Stop error c0000135

As a computer technician, one of the most common things I do is clean up computers once they have been infected, compromised, hacked or just plain old mistreated. That said, most of the machines we see are fairly routine, and although they can take a good chunk of time to clean up, they generally aren't "difficult".

However, every once in a while a tricky one will come along. For example, we just had a machine in that, on the surface, seemed like a relatively simple trojan infection. I manually removed several obvious files from the \WINDOWS\SYSTEM32 folder that were not part of any legit program - Windows or otherwise, removed the corresponding calling references from the system registry and figured I was all but a full virus scan away from putting this one to bed.

When the machine was restarted though, Windows would not fully load. Instead, it stopped at a blue screen error which read as follows:

Stop: c0000135 Unable To Locate Component. "This application has failed to start because baseagul32 was not found. Re-installing the application may fix this problem.

The machine would not start in safe mode or standard mode and trying the last known good configuration made no difference, so I spent about an hour banging my head against a wall trying to figure out what program baseagul32 belonged to and came up empty.

Eventually I turned to my trusty old ERD Commander 2005 CD - which, by the way, is an awesome tool to have in your arsenal. Anyway, when I started the machine up with ERD Commander, I launched the built-in registry editor - which imports the registry hives automatically from the Windows installation it finds on the local drive - and proceeded to search for the missing "baseagul32" file.

Searching the keys only didn't find anything, but once I chose to search the data a hit was found (but it took ages to search through all the data fields). The filename was found in the WINDOWS key under HKEY_LOCAL_MACHINE\ControlSet2\Control\Session Manager\SubSystems as well as HKEY_LOCAL_MACHINE\CurrentControlSet\Control\Session Manager\SubSystems but I wasn't sure what should really be in this registry entry until I looked at another machine running Windows XP.
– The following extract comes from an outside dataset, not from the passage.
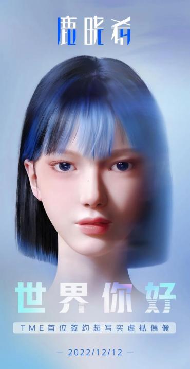 数字人的方向腾讯也有考虑,去年底TME首位签约超写实虚拟偶像鹿晓希LUCY官宣出道,并且发布了单曲《叠加态少女》。

Apparently the trojan uses names with the letters "base" followed by some random letters and ending with "32". Doing some more searching on the net revealed that others have had the same problem after removing the trojan identified as Klone.T. Some example file names I've seen quoted include: baseokfrf32, baseagul32, basevml32 and basehoe32, but of course the letters between base and 32 are random, so it could appear as anything.

Some suggested booting with any CD, including the Windows XP CD (using repair console) and simply copying the legit file basesrv.dll to base????32.dll which should work, but the proper way would be to edit the registry entry to include the appropriate file name of basesrv.dll instead of the trojan with the random name base????32.dll.

Of course if I had searched Google a little more before wasting all sorts of time fixing this thing, I would have found this link on inanis.net which detailed a straight forward way to fix the very same problem.